Task statement: Before copying, set the pictures aside; then repeat every line below verbatim.

Available records:

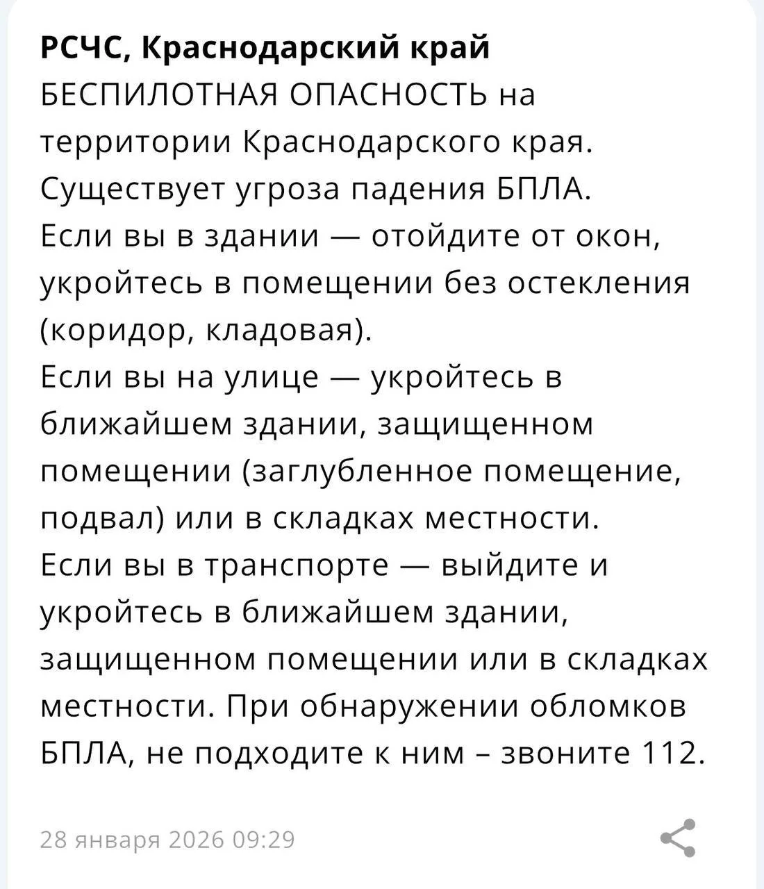 На территории Краснодарского края объявили беспилотную опасность.
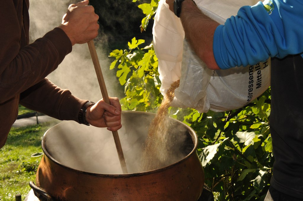 Outdoor-Bier brauen ohne technischen Schnickschnack. Ein komplexer Prozess wird mit einfachsten Mitteln über Feuer und mit Wasser umgesetzt. Parallel dazu werden die Zusammenhänge vom Brauprozess verständlich und einfach erläutert. Alle Schritte: Von der Auswahl der Malz- und Hopfensorten über Einmaischen, Abläuten, Kochen, Kühlen und einleiten der Gärung werden durch die Gruppe über und neben dem Feuer durchgeführt. So bietet der Event nebst Biergenuss allerhand Lehrreicheres über Bier wie bestimmt auch einige “aha” Momente und Lacher.
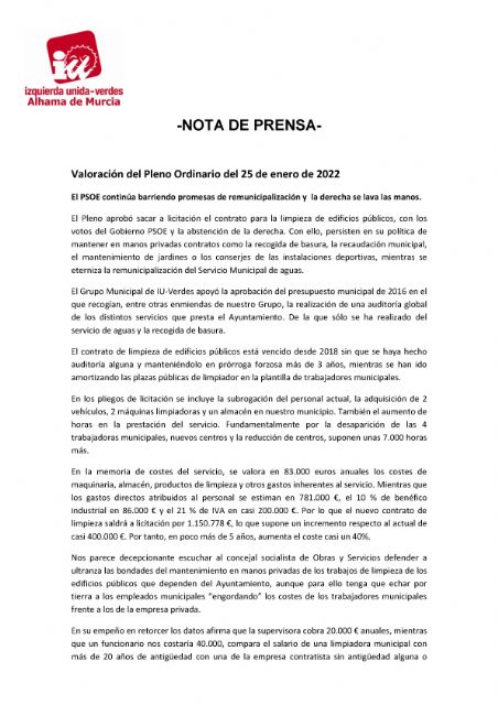 Valoración del Pleno Ordinario del 25 de enero de 2022 IU-verdes
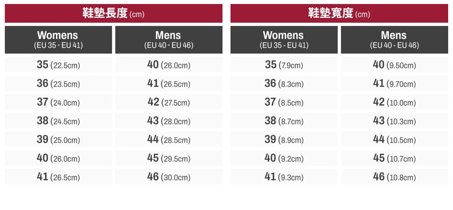 | 重量 (單腳) | 266g (EU 42|UK 8|US 9) |
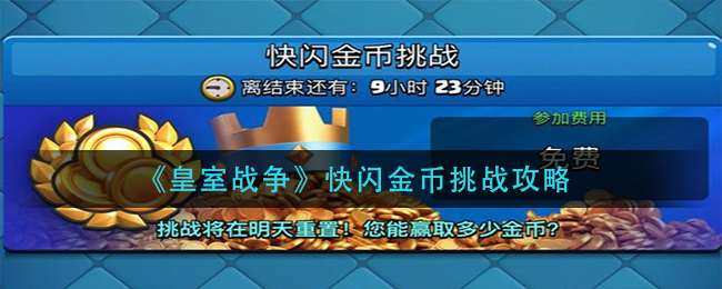 在皇室战争游戏中很多玩家还不清楚,快闪金币挑战活动怎么玩。接下来就让小编给大家带来《皇室战争》快闪金币挑战攻略,感兴趣的小伙伴们一起来看看吧,希望可以帮助到大家。
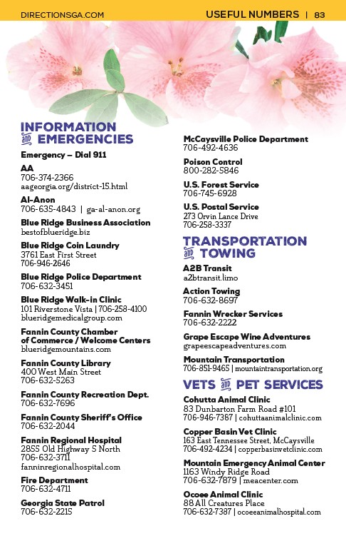 DIRECTIONSGA.COM USEFUL NUMBERS | 83
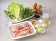 鍋に水1200ml、白ネギの緑の部分、ショウガ、酒を入れて火にかけ、煮立てば鶏肉を加え、20分煮る。
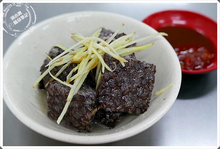 | 首先是麻油米血上桌啦~~竟然是用碗裝的= =,好綿密軟心的口感,淡淡的麻油香氣,在配上店家供應的醬油膏及辣椒醬,實在是補身又有飽足感。寶妹點的是小份的麻油米血$30,已經算是分量很多了~~ |
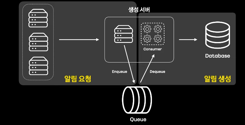 알림 요청과 알림 생성이 여전히 분리되었고, 생성 서버가 다운되거나 재시작하더라도 Message Queue에서 Kafka라면 로그로 Disk로 저장되기 때문에 더 이상 데이터는 유실되지 않습니다.
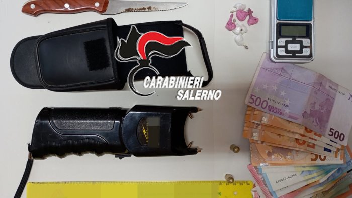 Nel corso di un controllo il presunto spacciatore avrebbe prima spintonato un militare e poi a, seguito di perquisizione, sarebbe stato trovato in possesso di cocaina e crack suddivisa in dosi per un peso complessivo di 1,9 grammi circa, della somma in contanti di 1.150 euro, di un bilancino di precisione, di due proiettili calibro 9*17, due coltelli nonché una pistola elettrica “taser".
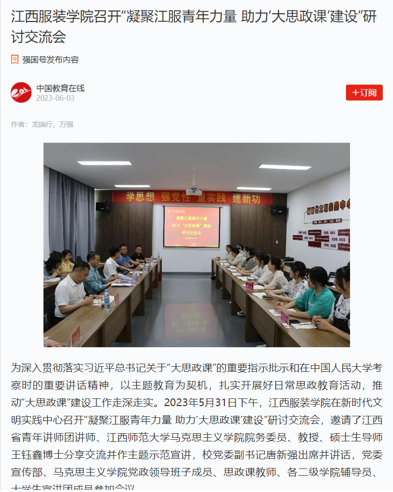 学习强国:万象城平台召开“凝聚江服青年力量 助力‘大思政课’建设”研讨交流会
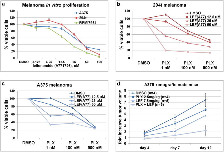 Melanoma is a tumour of transformed melanocytes, which are originally derived from the embryonic neural crest. It is unknown to what extent the programs that regulate neural crest development interact with mutations in the BRAF oncogene, which is the most commonly mutated gene in human melanoma. We have used zebrafish embryos to identify the initiating transcriptional events that occur on activation of human BRAF(V600E) (which encodes an amino acid substitution mutant of BRAF) in the neural crest lineage. Zebrafish embryos that are transgenic for mitfa:BRAF(V600E) and lack p53 (also known as tp53) have a gene signature that is enriched for markers of multipotent neural crest cells, and neural crest progenitors from these embryos fail to terminally differentiate. To determine whether these early transcriptional events are important for melanoma pathogenesis, we performed a chemical genetic screen to identify small-molecule suppressors of the neural crest lineage, which were then tested for their effects on melanoma. One class of compound, inhibitors of dihydroorotate dehydrogenase (DHODH), for example leflunomide, led to an almost complete abrogation of neural crest development in zebrafish and to a reduction in the self-renewal of mammalian neural crest stem cells. Leflunomide exerts these effects by inhibiting the transcriptional elongation of genes that are required for neural crest development and melanoma growth. When used alone or in combination with a specific inhibitor of the BRAF(V600E) oncogene, DHODH inhibition led to a marked decrease in melanoma growth both in vitro and in mouse xenograft studies. Taken together, these studies highlight developmental pathways in neural crest cells that have a direct bearing on melanoma formation.

Your solution:
 На территории Краснодарского края объявили беспилотную опасность.
 Outdoor-Bier brauen ohne technischen Schnickschnack. Ein komplexer Prozess wird mit einfachsten Mitteln über Feuer und mit Wasser umgesetzt. Parallel dazu werden die Zusammenhänge vom Brauprozess verständlich und einfach erläutert. Alle Schritte: Von der Auswahl der Malz- und Hopfensorten über Einmaischen, Abläuten, Kochen, Kühlen und einleiten der Gärung werden durch die Gruppe über und neben dem Feuer durchgeführt. So bietet der Event nebst Biergenuss allerhand Lehrreicheres über Bier wie bestimmt auch einige “aha” Momente und Lacher.
 Valoración del Pleno Ordinario del 25 de enero de 2022 IU-verdes
 | 重量 (單腳) | 266g (EU 42|UK 8|US 9) |
 在皇室战争游戏中很多玩家还不清楚,快闪金币挑战活动怎么玩。接下来就让小编给大家带来《皇室战争》快闪金币挑战攻略,感兴趣的小伙伴们一起来看看吧,希望可以帮助到大家。
 DIRECTIONSGA.COM USEFUL NUMBERS | 83
 鍋に水1200ml、白ネギの緑の部分、ショウガ、酒を入れて火にかけ、煮立てば鶏肉を加え、20分煮る。
 | 首先是麻油米血上桌啦~~竟然是用碗裝的= =,好綿密軟心的口感,淡淡的麻油香氣,在配上店家供應的醬油膏及辣椒醬,實在是補身又有飽足感。寶妹點的是小份的麻油米血$30,已經算是分量很多了~~ |
 알림 요청과 알림 생성이 여전히 분리되었고, 생성 서버가 다운되거나 재시작하더라도 Message Queue에서 Kafka라면 로그로 Disk로 저장되기 때문에 더 이상 데이터는 유실되지 않습니다.
 Nel corso di un controllo il presunto spacciatore avrebbe prima spintonato un militare e poi a, seguito di perquisizione, sarebbe stato trovato in possesso di cocaina e crack suddivisa in dosi per un peso complessivo di 1,9 grammi circa, della somma in contanti di 1.150 euro, di un bilancino di precisione, di due proiettili calibro 9*17, due coltelli nonché una pistola elettrica “taser".
 学习强国:万象城平台召开“凝聚江服青年力量 助力‘大思政课’建设”研讨交流会
 Melanoma is a tumour of transformed melanocytes, which are originally derived from the embryonic neural crest. It is unknown to what extent the programs that regulate neural crest development interact with mutations in the BRAF oncogene, which is the most commonly mutated gene in human melanoma. We have used zebrafish embryos to identify the initiating transcriptional events that occur on activation of human BRAF(V600E) (which encodes an amino acid substitution mutant of BRAF) in the neural crest lineage. Zebrafish embryos that are transgenic for mitfa:BRAF(V600E) and lack p53 (also known as tp53) have a gene signature that is enriched for markers of multipotent neural crest cells, and neural crest progenitors from these embryos fail to terminally differentiate. To determine whether these early transcriptional events are important for melanoma pathogenesis, we performed a chemical genetic screen to identify small-molecule suppressors of the neural crest lineage, which were then tested for their effects on melanoma. One class of compound, inhibitors of dihydroorotate dehydrogenase (DHODH), for example leflunomide, led to an almost complete abrogation of neural crest development in zebrafish and to a reduction in the self-renewal of mammalian neural crest stem cells. Leflunomide exerts these effects by inhibiting the transcriptional elongation of genes that are required for neural crest development and melanoma growth. When used alone or in combination with a specific inhibitor of the BRAF(V600E) oncogene, DHODH inhibition led to a marked decrease in melanoma growth both in vitro and in mouse xenograft studies. Taken together, these studies highlight developmental pathways in neural crest cells that have a direct bearing on melanoma formation.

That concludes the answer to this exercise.